Records from a data source
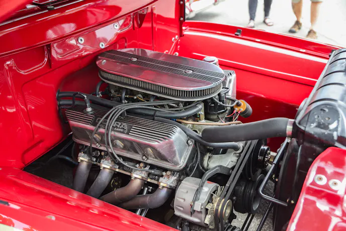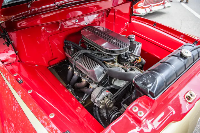 What’s Mike’s favorite thing about the build? “Probably the chassis and the suspension work and the engine — the drivetrain probably more than anything.”The traditional theme carries over into the interior, where the highlight is a pleated 1960’s-style black leather bench seat.
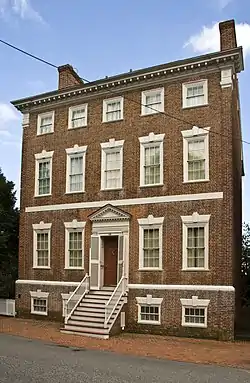 The Denton House, also known as the Denton-Weeks House, the River House, and the Smyth-Letherbury House, is a historic residence at 107 Water Street in Chestertown, Maryland. It is a three-story brick building, with a five-bay front facade framed by corner pilasters with stone capitals. The building has a raised basement, with a stone stringcourse between it and the first floor. The front entrance is centered, with an elaborate surround consisting of pilasters, entablature and dentillated gable. The house was built about 1784 by Richard Smyth, the son of one of the area's wealthiest merchants. In 1791 it was bought by Peregrine Letherbury, the first law professor at Washington College.[2]
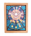 Obrazek srebrny z wizerunkiem Św. Rodziny, prostokątny na brązowym drewnie - GRAWER GRATIS !
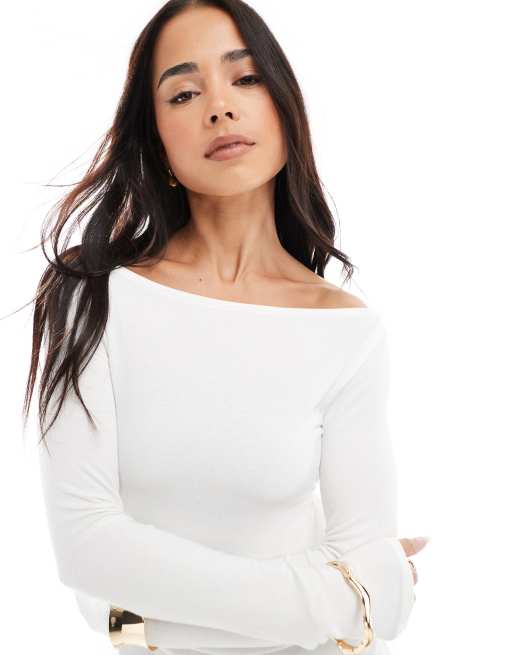 Bershka - T-shirt met lange mouwen en gerimpelde zijkant in ecru
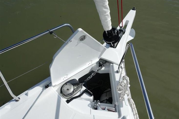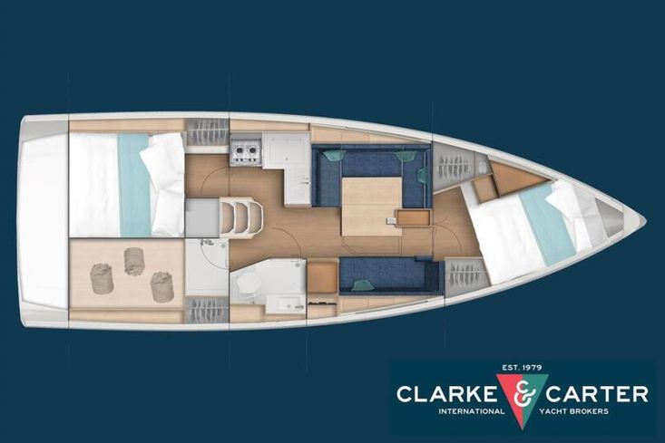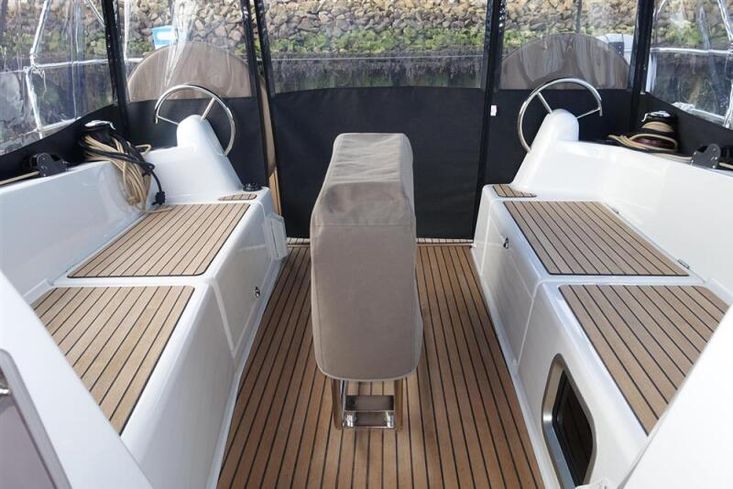 White grp hull with style stripes. Full length hull chine with negative angle and flying bow to extend the waterline and prevent slamming. The large beam at the waterline gives a shallow hull (less wetted surface are), more buoyancy forward and a more powerful sailing hull shape. White grp coachroof with moulded non skid decks. Walk around side decks, unique to Jeanneau. Self draining cockpit and anchor well. Integrated bowsprit with central anchor roller, Code 0 and asymmetric tack points. Teak to cockpit seats, fold down swim platform and cockpit sole. Twin wheels to twin rudders and self aligning rudder bearings. Cast iron keels. Flush deck hatches.

▸ **PROBLEM STATEMENT**:
Would you copy out, exactly and with no pictures, only the lines above from the one that contains "The Denton House, also" through the one that contains "Bershka - T-shirt"?

▸ **OUTPUT FOR THIS EXERCISE**:
 The Denton House, also known as the Denton-Weeks House, the River House, and the Smyth-Letherbury House, is a historic residence at 107 Water Street in Chestertown, Maryland. It is a three-story brick building, with a five-bay front facade framed by corner pilasters with stone capitals. The building has a raised basement, with a stone stringcourse between it and the first floor. The front entrance is centered, with an elaborate surround consisting of pilasters, entablature and dentillated gable. The house was built about 1784 by Richard Smyth, the son of one of the area's wealthiest merchants. In 1791 it was bought by Peregrine Letherbury, the first law professor at Washington College.[2]
 Obrazek srebrny z wizerunkiem Św. Rodziny, prostokątny na brązowym drewnie - GRAWER GRATIS !
 Bershka - T-shirt met lange mouwen en gerimpelde zijkant in ecru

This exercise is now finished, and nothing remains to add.